A more trust-oriented way of doing things would be to plan programmes which include well-known repertoire as a “hook” to entice audiences, while also featuring more unusual, less familiar, rarely-performed, or contemporary music. Presented in a non-didactic way, audiences may enjoy the chance to discover new music, while hearing it alongside the more familiar. Thus, you can build a degree of trust with your audience by gradually expanding the repertoire alongside popular classical favourites. Open the concert with something familiar, so people don’t arrive late, then give them something new or less familiar. Programme another such piece after the interval but close with a box-office favourite so people stay to the end.

Musicians and audiences

The relationship between the musician and their audience is, or at least should be, founded on mutual trust.
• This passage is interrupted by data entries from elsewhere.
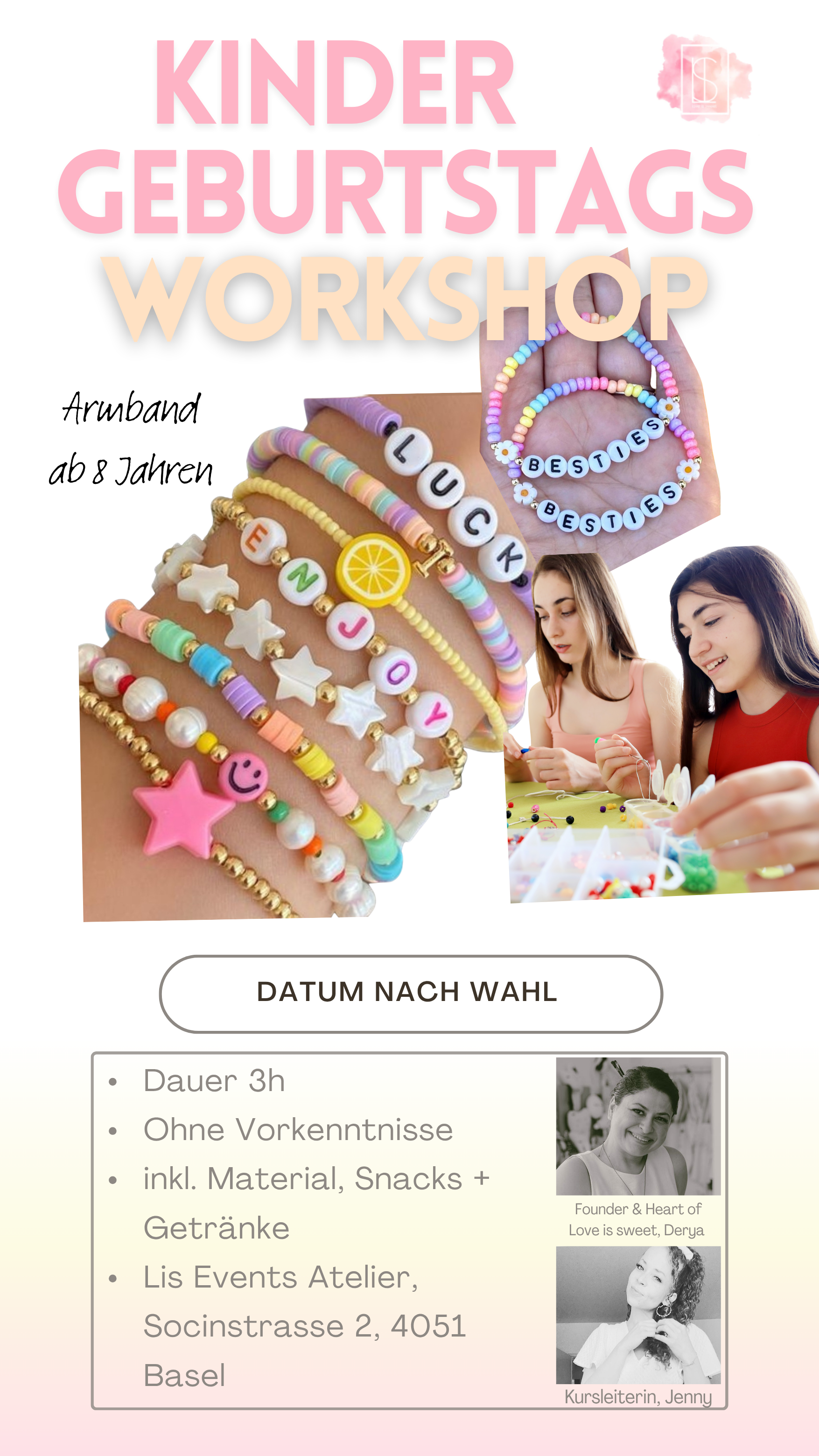 In unserem liebevoll gestalteten Atelier in Basel feiern bis zu 8 Kinder ab 6 Jahren ihren ganz besonderen Tag. Gemeinsam kreieren sie ihre eigenen Armbänder, Ketten oder Schlüsselanhänger, mit bunten Perlen, Buchstaben-Beads, Charms, Glitzer und vielen Farben. Jedes Kind nimmt am Ende mehrere selbstgemachte Schmuckstücke stolz mit nach Hause.
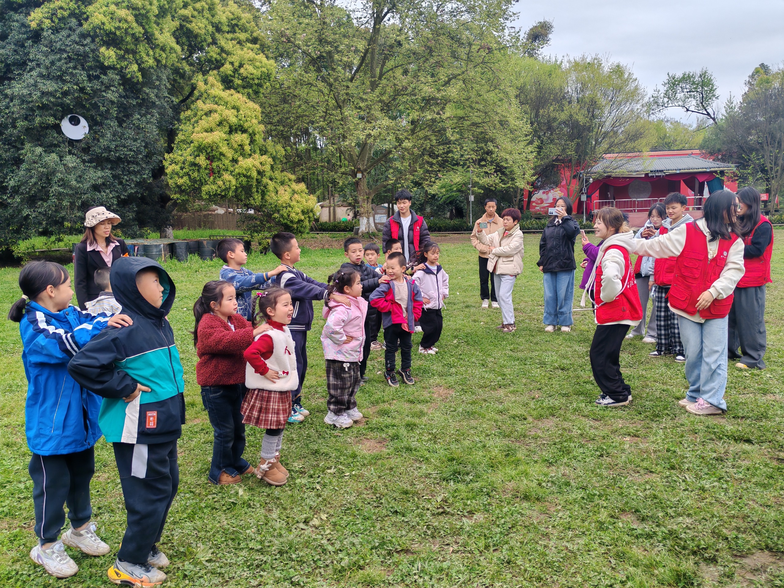 活动中,志愿者与社区工作人员带领小朋友徒步前往花溪公园大草坪,沿途引导孩子们化身“环保小卫士”,捡拾路面及绿化带垃圾,以实际行动践行绿色环保理念。到达场地后,“桃花朵朵开”破冰游戏迅速点燃现场氛围,让孩子们快速熟络。随后的安全知识小课堂以“宣讲+有奖问答”形式展开,志愿者围绕清明节重点讲解文明祭祀、森林防火知识,倡导鲜花祭祀、严禁带火种进山,号召孩子们带动家长守护绿水青山。此外,活动还同步开展未成年人保护、垃圾分类、防溺水等安全宣传,孩子们踊跃互动、积极抢答。
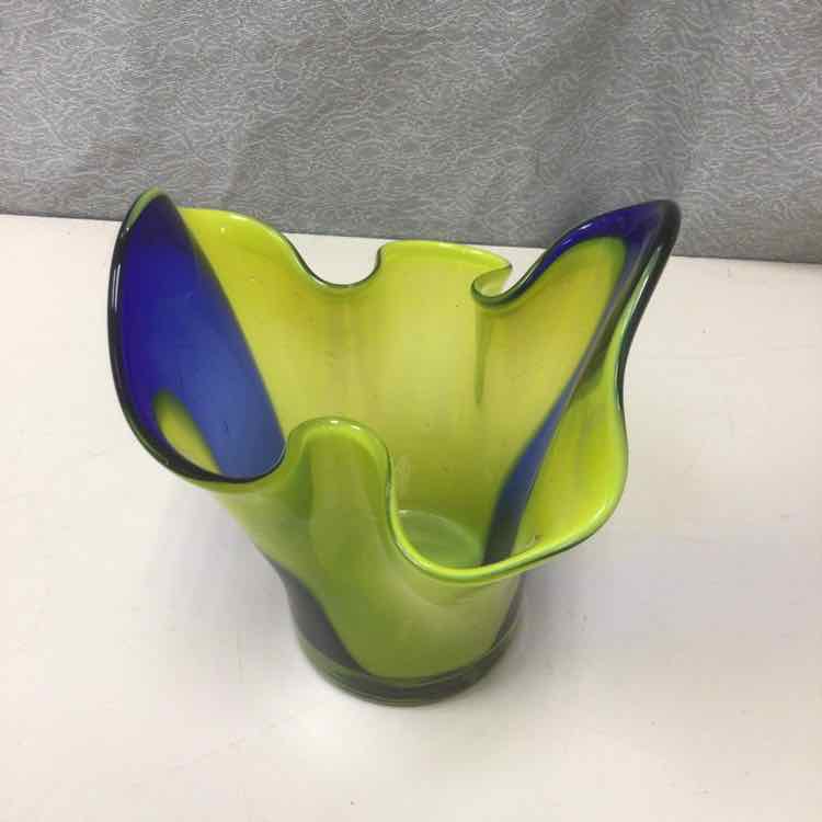 YELLOW BLUE ABSTRACT VASE
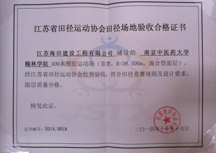熱烈祝賀我公司承建的翰林學(xué)院400米塑膠運動(dòng)場(chǎng)被評為“江蘇省合格田徑場(chǎng)地(Ⅱ)”

If the audience doesn’t trust you, it won’t turn up for the concert. If there is no trust, people will be reluctant to listen to and engage with the performance – and, by the way, audiences are very good at sensing whether or not the performer trusts them!

When I hear of A Famous Pianist complaining about audiences or insisting that they sit through 2-hour programmes without applause or a comfort break because that would “interrupt the flow” of the performance, or who sneers at a perceived ignorance or lack of discernment in current audiences, I sense a lack of trust between performer and audience. In fact, this musician perhaps does not trust audiences at all, instead preferring to impose his will upon them.

Many performers are expert at creating a sense of connection and trust between themselves and audience from the moment they walk on stage – or even beforehand through posts and exchanges on social media (the British pianist Sir Stephen Hough is particularly skilled at this). Verbal and non-verbal cues can quickly set up a sense of shared experience and even friendship between artist and audience. Speak to the audience but in a language they can understand. Introduce the programme in a way that allows audiences to feel a connection to the performer – why is this music meaningful to them, for example? – rather than simply parrotting programme notes. Know your audience and where they’re coming from and respond accordingly. Show your gratitude to the audience – by playing encores (if appropriate) or by greeting them after the concert in the green room or at a CD signing, for example.

Concerts are a customer-facing activity, and while some may baulk at such a phrase in relation to classical music, accepting and understanding this can go a long way to making audiences feel welcome and trusting. Do more “Put the customer first”, and audiences will reward you with their support and loyalty.